Return the data below exactly as given, except for the images.

** Recorded data follows **

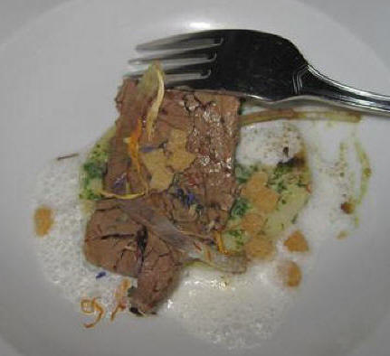 I got a little caught up in conversation and slipped a little when it came time to photograph all that we ate. I don't even remember which photo is of what. I had something with scallops (Krustentier und Zuckerbsencremsuppe Jacopsmuscel) followed by lamb's knuckle with bratwurst (Lammhaxe und bratwurst Kr�terjus Schnippelbohnen Tomaten Olivenstampf) (below right.) I should have paid more attention but the company was just too good.
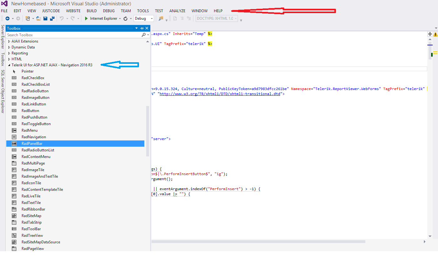 After downloading UI for ASP.Net Ajax R3 2016, Telerik Menu disappeared from VS 2013. Only JustCode is showing. Refer to attach.
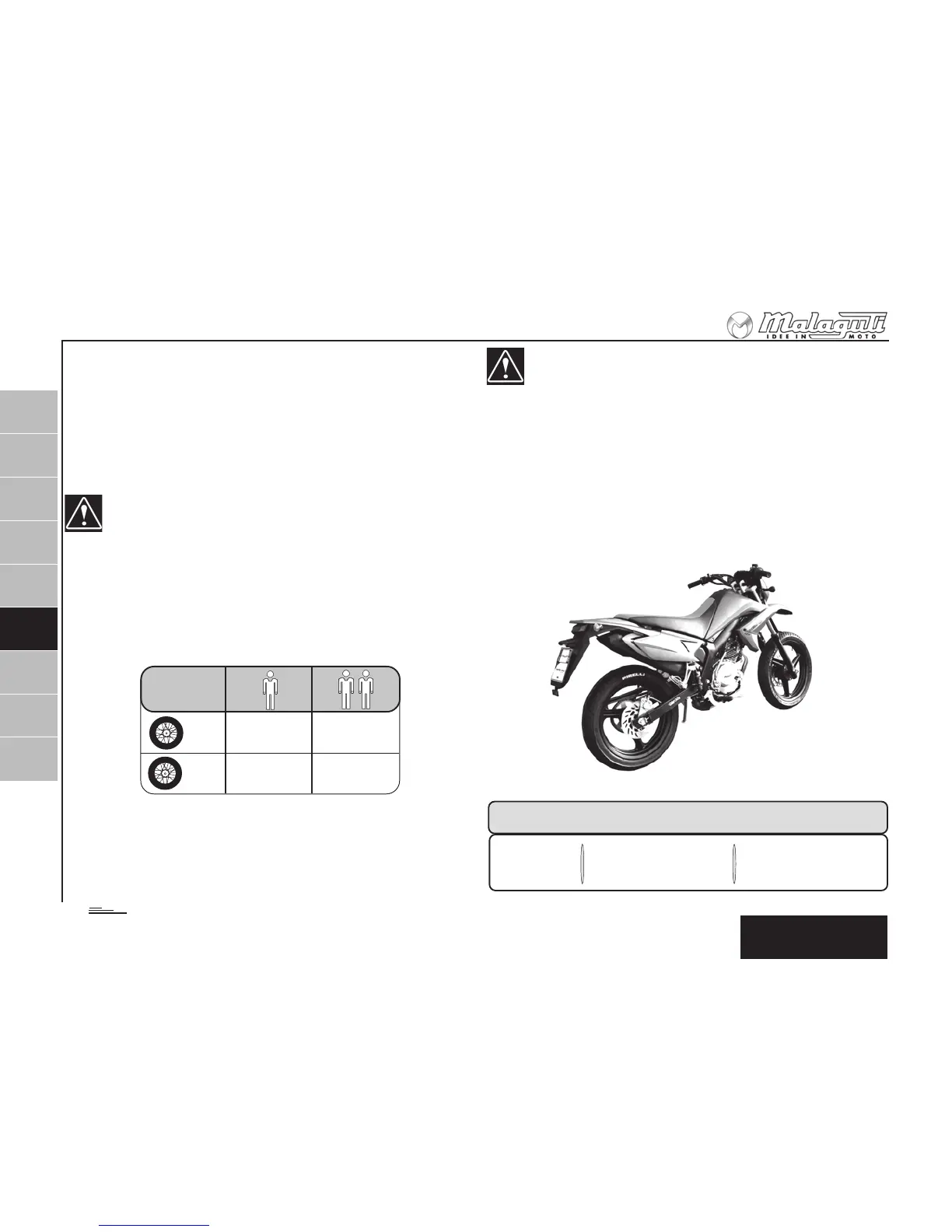• Controllare e regolare sempre la pressione dei pneumatici

** End of Recorded data **

• [Answer section]:
 I got a little caught up in conversation and slipped a little when it came time to photograph all that we ate. I don't even remember which photo is of what. I had something with scallops (Krustentier und Zuckerbsencremsuppe Jacopsmuscel) followed by lamb's knuckle with bratwurst (Lammhaxe und bratwurst Kr�terjus Schnippelbohnen Tomaten Olivenstampf) (below right.) I should have paid more attention but the company was just too good.
 After downloading UI for ASP.Net Ajax R3 2016, Telerik Menu disappeared from VS 2013. Only JustCode is showing. Refer to attach.
• Controllare e regolare sempre la pressione dei pneumatici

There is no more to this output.